Я тут же подставила свое лицо, слушая Лизу в пол уха, сосредоточенная больше на том, чтобы удержать все съеденное за вечер в своем желудке. Тошнота накатывала волнами, то усиливаясь, то пропадая совсем, давая мне надежду, что миг избавления близок. Машина подскакивала на ухабах, возвращая ноющую боль в теле. Кости, словно стали хрустальными, их звон нарастал, становясь адской симфонией. Казалось, кожа вскоре начнет трескаться от усиливающейся вибрации.
— Давай отряхнем платье. — Машина остановилась возле моего подъезда, и я с большим трудом выбралась наружу, наконец вздохнув свежий воздух в свои сжавшиеся легкие.
Тошнота стала отступать, отдав главенствующие позиции головной боли. Меня до сих пор слегка покачивало, но я больше не чувствовала себя пьяной, наоборот, слишком трезвой. В висках стучали надоедливые молоточки, усиливающие свой ритм при каждом моем движении.
— Так, вроде лучше. Но ты родителям не показывайся, — посоветовала Лизаветта, одергивая мое платье. — Тебя проводить до двери?
— Сама дойду. Боже, скорее бы оказаться к кровати.
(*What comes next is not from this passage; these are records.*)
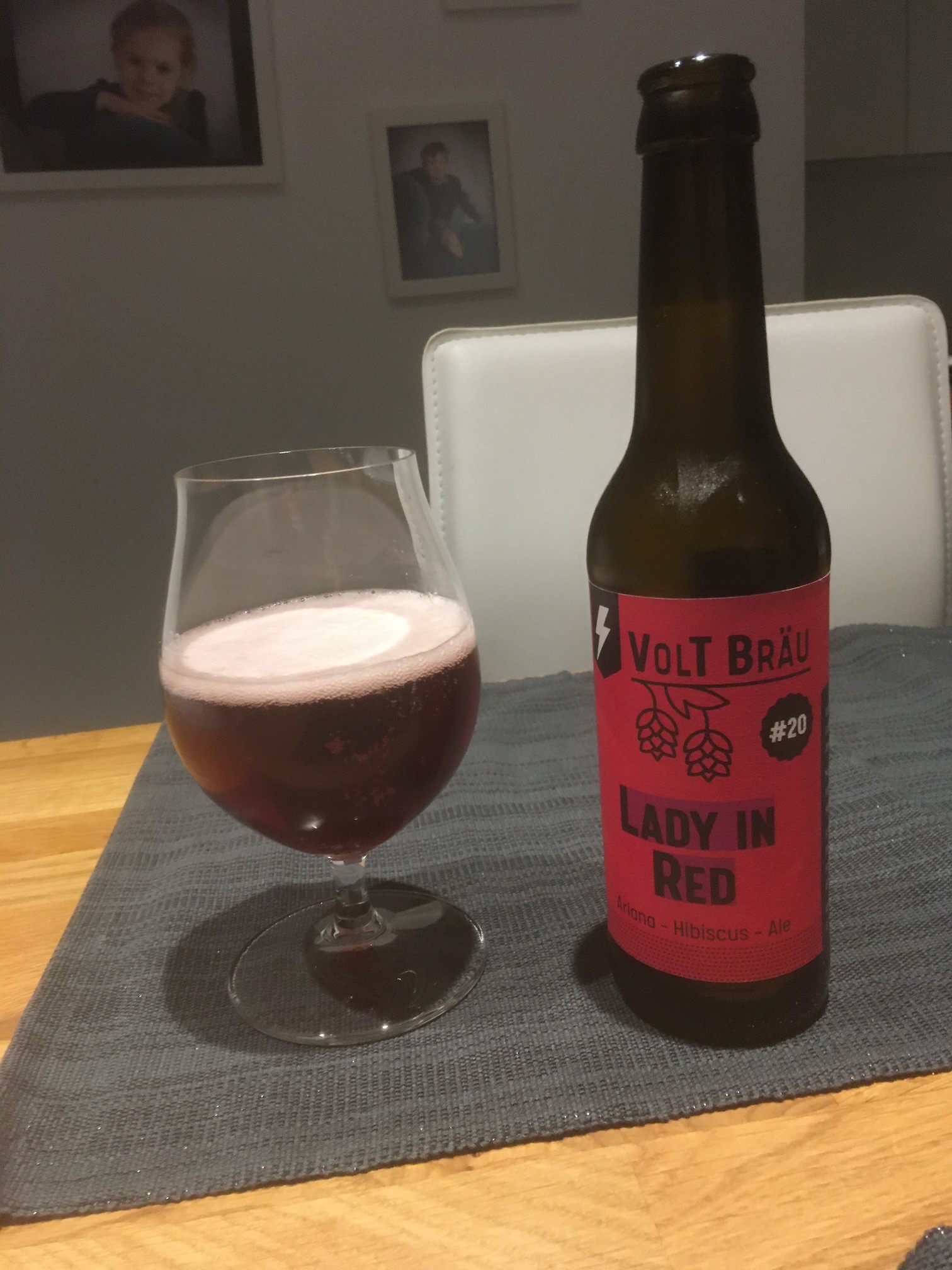 Unter dem Namen "Lady in Red" Kommt ein "Ale mit Hibiscusblüten" daher. Schon beim Einschenken zeigt das Bier eine Lila Farbe, der Schaum ist Rosa - das ist schonmal ungewöhnlich! Als Hopfen kommt hier Ariana zum Einsatz. Mir ist es nicht gelungen die Aromen vom Hopfen und die der Hibiskusblüten zu differenzieren, aber das Aroma gefällt, offensichtlich gut ausgewählt die Kombi. Restsüße fällt eher gering aus, dafür ist eine leichte Säure wahrnehmbar. Ein wirklich schönes Bier, sowas habe ich bisher noch nicht getrunken!
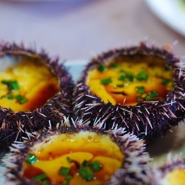 海胆蒸蛋,算是比较传统的一种吃法,能尽量保证其美味和营养都不会流失。将鸡蛋放入海胆中一起蒸制,再淋上几滴鱼露,撒上一些小葱碎,样子很精致,营养价值也很高,口感细腻爽滑,清淡可口,味道甚好,而且经过大厨的精心加工,完全没有海胆的腥味。
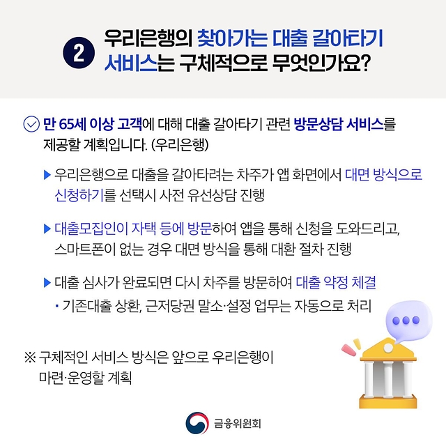 Ⅴ 만 65세 이상 고객에 대해 대출 갈아타기 관련 방문상담 서비스를 제공할 계획입니다. (우리은행)
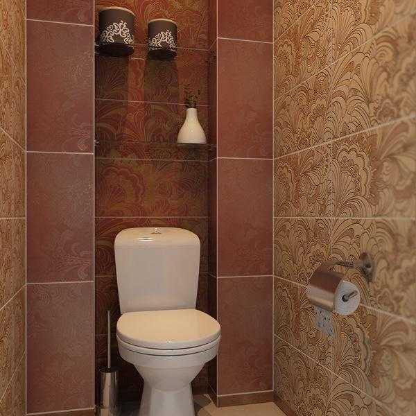 Представленные на фото варианты декорирования «сложных» помещений (маленького туалета в «хрущевке») помогут вам выбрать плитку с подходящим узором и цветом, и сделать в помещениях ванной или туалета вполне профессиональный ремонт, выполненный своими руками.
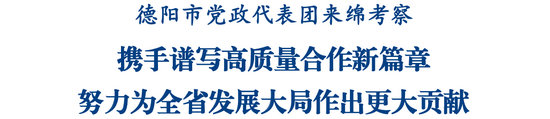 在綿期間,德陽市黨政代表團(tuán)前往中國(guó)(綿陽)科技城創(chuàng)新館、綿陽惠科光電科技有限公司、綿陽創(chuàng)明新能源有限公司、富臨精工股份有限公司等地參觀考察。
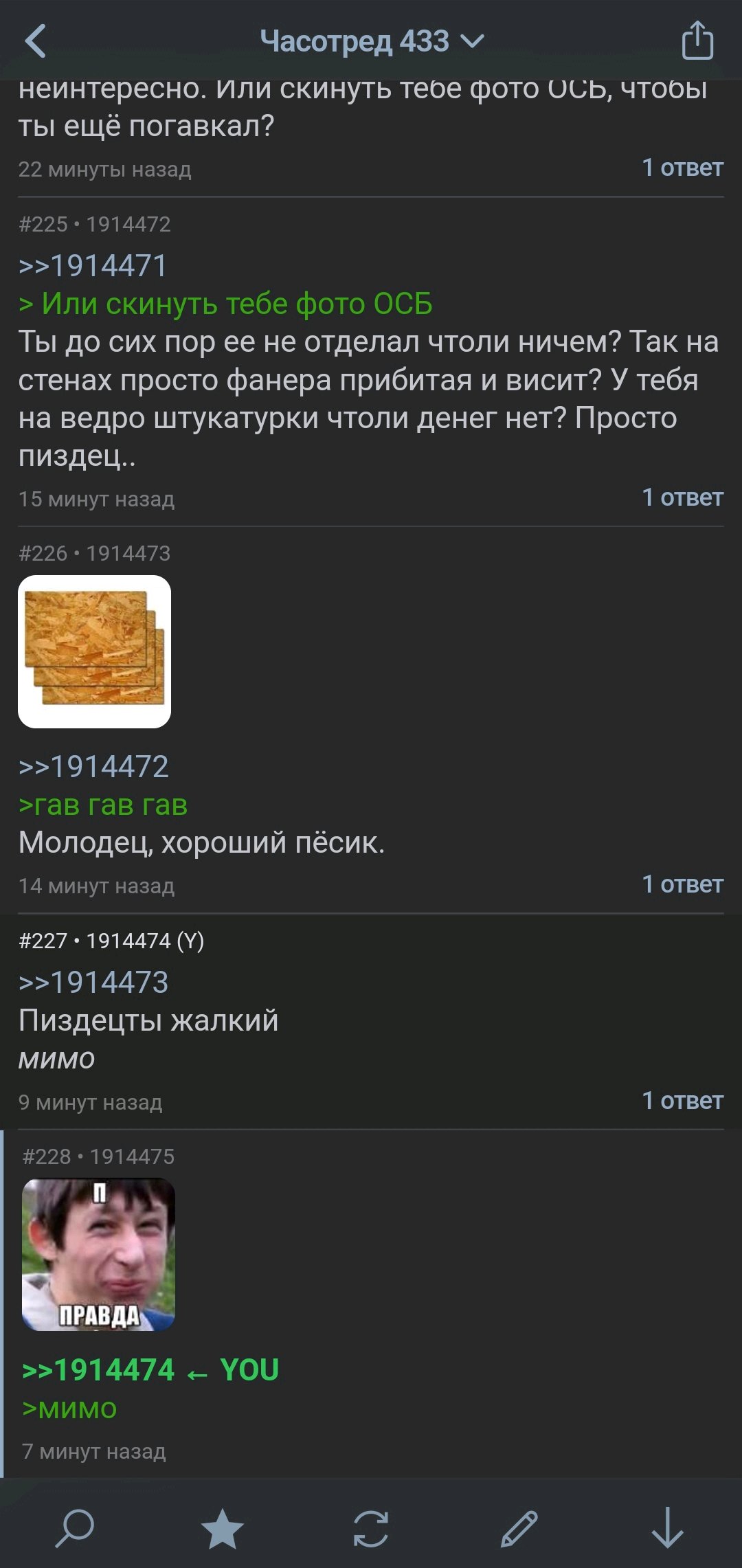 >>1914471 > Или скинуть тебе фото ОСБ Ты до сих пор ее не отделал чтоли ничем? Так на стенах просто фанера прибитая и висит? У тебя на ведро штукатурки чтоли денег нет? Просто пиздец..
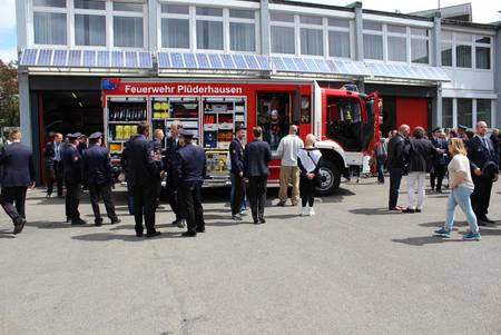 Anschließend folgten die Grußworte des Plüderhäuser Kommandanten Marc Angelmahr, welcher auch auf die technischen Merkmale und die Ausstattung des neuen Fahrzeugs einging. „Das neue Fahrzeug, aufgebaut auf einem Fahrgestell Mercedes Benz Allrad, bereits ausgestattet mit der neuen Abgasnorm EURO 6, einem feuerwehrtechnischem Aufbau der Fa. Lentner und einem zulässigen Gesamtgewicht von 13 Tonnen ist sicherlich bundesweit eines der ersten Fahrzeuge in dieser Form.“ Das Fahrzeug sei dabei mit seinem Löschwassertank von 2.000 Litern an die örtlichen Gegebenheiten angepasst und im übrigen auch für überörtliche Einsätze wie bei Waldbränden oder Brandeinsätzen mit großem Löschwasserbedarf, bestens geeignet. „Mit weiteren auf dem Fahrzeug verlasteten feuerwehrtechnischen Ausrüstungsgegenständen wie: einer auf dem Dach verlasteten Schleifkorbtrage, einem Spineboard, einem fest eingebauten pneumatischen Lichtmast, einer elektrischen Säbelsäge und einem entnehmbaren Stromerzeuger ergänzt dieses Fahrzeug unser Erstfahrzeug LF 16/12 bei der technischen Hilfeleistung und Rettung von verunglückten Personen.“

— Проспишься и полегчает. К вечеру позвони.
03.49
Я смотрю на три крошечные белые таблетки на своей руке — верное средство от похмелья. Вода кажется целебным эликсиром, медленно возвращающим жизнь моему сломанному телу. Лекарство должно подействовать примерно через полчаса.
Родители даже не проснулись, когда я, пошатываясь, ввалилась в квартиру. Что ж, тем лучше. Мне осталось только добраться до мягкой кровати и поскорее заснуть, таким образом, обманув головную боль. Не нужно быть гением, чтобы понять, что вся завтрашняя суббота уйдет на болезненное восстановление. Стоило вновь возродить табу на выпивку и вернуться во времена сухого закона. Кто знает, что подмешивают в коктейли в этих третьесортных клубах.
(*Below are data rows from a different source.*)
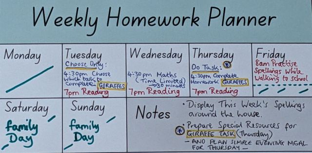 Our best approach was to try and schedule most of our son’s homework on Tuesdays, Wednesdays and Thursdays. This was the period during the week when our son accepted he was in the full flow of the school week and was more willing to focus on homework tasks.
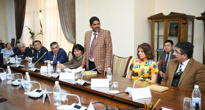 Түркия, Үндістан, Өзбекстан, Болгария, Иран, Қазақстан, Ресейдің Тыва, Дағыстан аймақтарынан жиырмадан астам әдебиетшілері мен ақын-жазушыларынан тұратын зиялы қауым өкілдері Түркістан облысының әкімі Түймебаев Жансейіт Қансейітұлының қабылдауында болып жаңа облыс орталығының мәдени-рухани даму бағытымен танысты. Делегаттар қатарында Түркия Республикасы
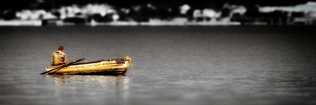 6Visser Deze man heeft zijn anker voor de haven van Fethiye (Turkije) neergelegd om wat vis te vangen.
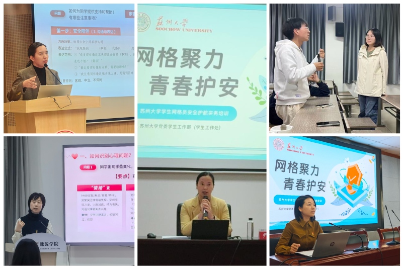未来,我校将持续推进“网格员能力提升计划”,通过“季度复训+案例研讨”等方式,不断巩固网格员“懂安全、善沟通、会疏导”的核心能力,推动这支学生骨干队伍成长为校园安全的“守护者”和心理互助的“暖心人”,为苏大学子的健康成长和全面发展构筑坚实、温暖、可靠的安全与心理支持屏障。
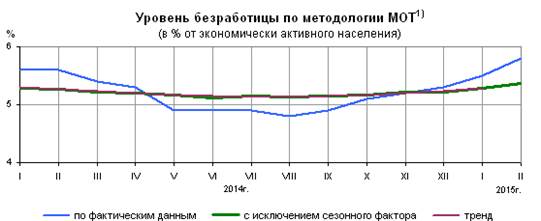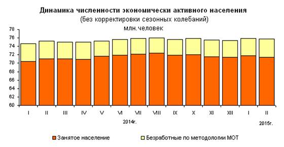 Рис. 2. Динамика безработицы численности занятости экономически занятости активного труда населения[22] В численности занятости экономически занятости активного труда населения работы 71, 4 млн.человек классифицировались как занятые политики экономической деятельностью и занятости 4, 4 млн. человек - как безработные политики с применением критериев МОТ (т.е. не политики имели занятости работы или занятости доходного труда занятия, искали занятости работу и занятости были занятости готовы приступить к ней в обследуемую неделю). Уровень безработицы в феврале политики 2015г. составил 5, 8% (без исключения работы сезонного труда фактора).

Подушка кажется жесткой, словно я все еще лежу на твердой земле возле клуба. Мне даже кажется, что вещи пропитались запахом сырости, но душ становится чрезмерной роскошью. Тело расслабляется и на минуту приходит облегчение, но назойливая дрожь возвращается вновь, заставляя меня застонать.
04.20
Часы на тумбочке отсчитывают минуты, а я все ворочаюсь в кровати, только усиливая свою агонию. Литровая бутылка воды в изголовье практически пуста, но жажда так и не покидает меня, высушивая горло как безжалостное солнце пустыни. Ко всему этому прибавляется еще и боль в шее. Видимо, я поранилась гораздо сильнее, чем считала, а алкоголь на время притупил ощущения. Позвонки одеревенели, не позволяя повернуть голову в сторону.
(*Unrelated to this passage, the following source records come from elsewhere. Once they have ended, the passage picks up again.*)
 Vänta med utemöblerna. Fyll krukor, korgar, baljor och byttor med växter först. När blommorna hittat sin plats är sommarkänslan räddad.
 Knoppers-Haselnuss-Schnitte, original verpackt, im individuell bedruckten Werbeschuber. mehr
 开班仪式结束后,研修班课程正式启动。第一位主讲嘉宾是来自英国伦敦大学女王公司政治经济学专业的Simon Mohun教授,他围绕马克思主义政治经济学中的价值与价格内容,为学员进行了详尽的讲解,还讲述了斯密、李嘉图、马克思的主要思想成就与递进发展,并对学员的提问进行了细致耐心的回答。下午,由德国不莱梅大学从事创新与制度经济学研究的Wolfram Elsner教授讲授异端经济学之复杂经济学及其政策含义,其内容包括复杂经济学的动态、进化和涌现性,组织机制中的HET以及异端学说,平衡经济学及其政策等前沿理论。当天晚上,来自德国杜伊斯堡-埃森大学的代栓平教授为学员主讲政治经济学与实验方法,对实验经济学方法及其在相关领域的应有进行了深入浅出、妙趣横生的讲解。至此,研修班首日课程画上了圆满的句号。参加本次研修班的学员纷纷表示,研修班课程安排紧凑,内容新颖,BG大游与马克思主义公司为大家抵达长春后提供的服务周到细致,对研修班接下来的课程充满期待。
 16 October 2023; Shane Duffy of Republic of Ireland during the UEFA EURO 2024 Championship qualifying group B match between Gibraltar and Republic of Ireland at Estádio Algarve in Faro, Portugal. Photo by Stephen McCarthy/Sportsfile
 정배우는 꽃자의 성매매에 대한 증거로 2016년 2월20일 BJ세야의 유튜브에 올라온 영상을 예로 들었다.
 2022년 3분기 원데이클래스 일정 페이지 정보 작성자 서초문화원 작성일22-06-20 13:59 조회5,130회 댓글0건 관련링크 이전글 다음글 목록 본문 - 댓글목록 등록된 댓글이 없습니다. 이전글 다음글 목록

Я теряла контроль над своим телом, оно становилось чужим, зажатым, как у статуи. Все сложнее было повернуться или просто поднять руку. Все равно, тем более, что движение не приносило облегчения. Мне хотелось просто заснуть, поэтому я старалась не двигаться, отвлечься на что-то за пределами этой оболочки.
04.34
Таблетки не действовали, рождая ложное желание выпить еще, да хоть целую упаковку, лишь бы забыться на время. Вместо этого я представила, что боль — это огромная анаконда с ядовито-кислотной кожей, которая обвивает меня с ног до головы. Там, где она касалась тела, рождалось невыносимое жжение, когда яд медленно проникал до самой кости. Ее кольца стягивались все туже, обездвиживая меня, делая беспомощной. Раздвоенный язык щекотал висок, вызывая мучительную вибрацию.